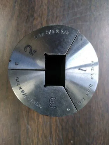 Hardinge S22 Collet Pad 5/8" x 7/8" Rectangle Smooth CNC Lathe. Check my other listings! I'm in the process of listing several hundred S22 Collet Pads. These will ship in a small flat rate USPS box unless you purchase enough for a medium box. These came to me in matched sets. The photos are for the exact pads you will be getting. Make: Hardinge Style: S22 Type: Collet Pad Size: 5/8 x 7/8 Inside: Smooth Segments: 3 INV#: P 151 Location: Bin 22
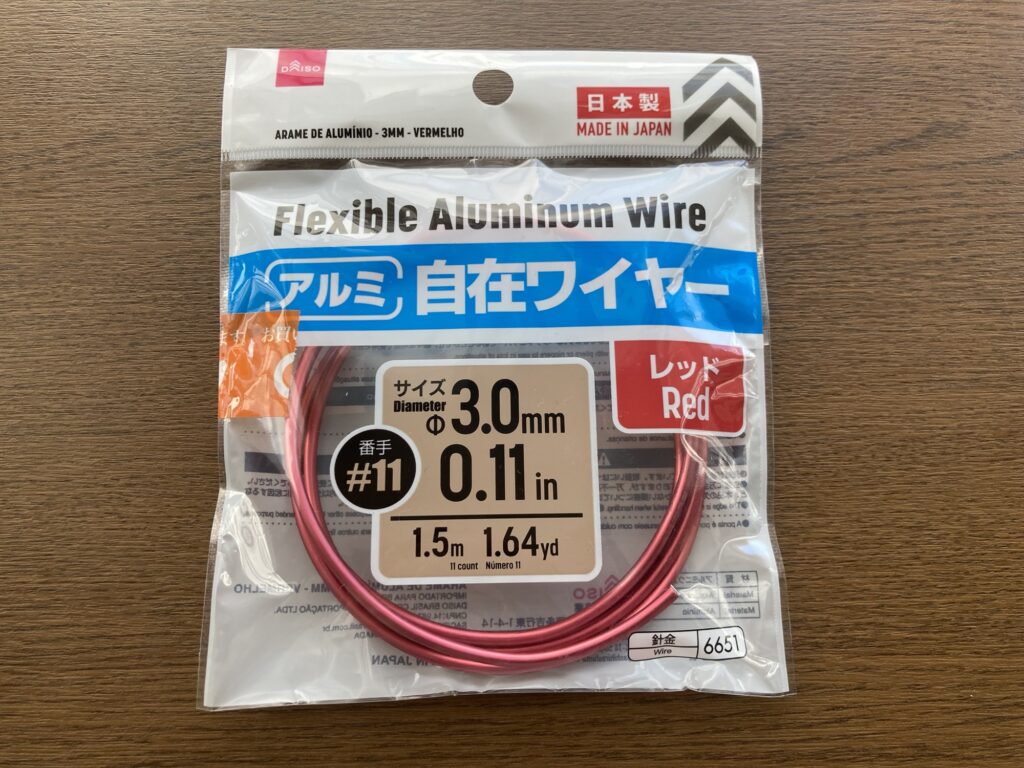 少しでもかわいく見せるため、園芸用の支柱ではなく、ダイソーで売っている3ミリの太さのアルミ線を使用しました。
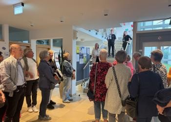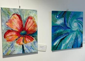 Musikalisch umrahmt wurde die Eröffnung der Vernissage durch Lina Cales und Marius Hägele-Müller, die mit ihren Klängen für eine stimmungsvolle Atmosphäre sorgten. Nach der offiziellen Eröffnung nutzten die Besucherinnen und Besucher die Gelegenheit, mit der Künstlerin ins Gespräch zu kommen und ließen die Kunstwerke in entspannter Atmosphäre auf sich wirken.
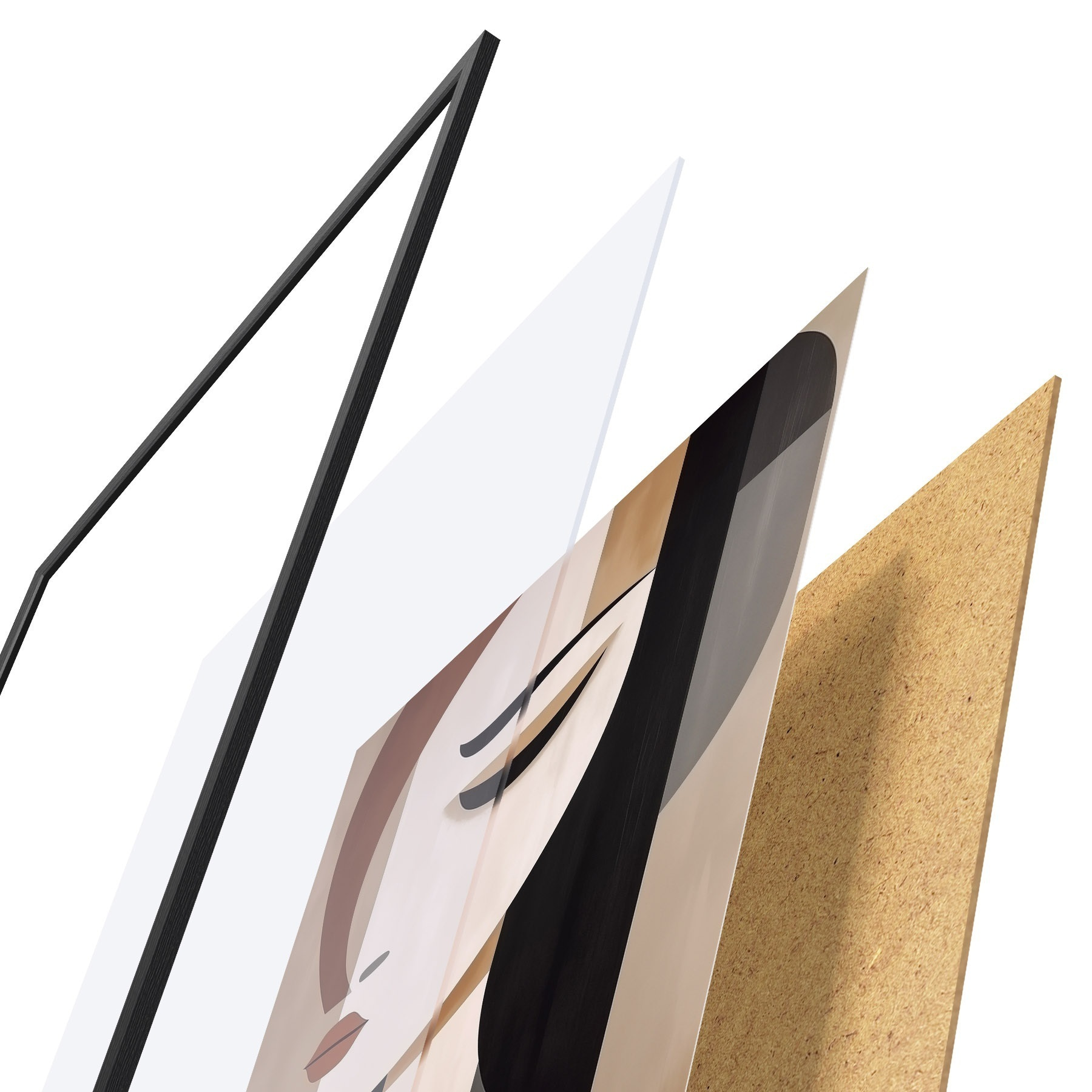 Plagát sa skladá z rámu, plexiskla, vytlačeného obrazu a podkladu z drevotriesky. Plagát možno okamžite zavesiť na stenu vďaka úchytom na zadnej strane.
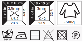 Zalecane druty: 2,5 mm

Exercise requirements: Reproduce, word for word, every line from the one that contains "Plagát sa skladá" to the end of the data, including both ends; omit all pictures.

Completed task:
 Plagát sa skladá z rámu, plexiskla, vytlačeného obrazu a podkladu z drevotriesky. Plagát možno okamžite zavesiť na stenu vďaka úchytom na zadnej strane.
 Zalecane druty: 2,5 mm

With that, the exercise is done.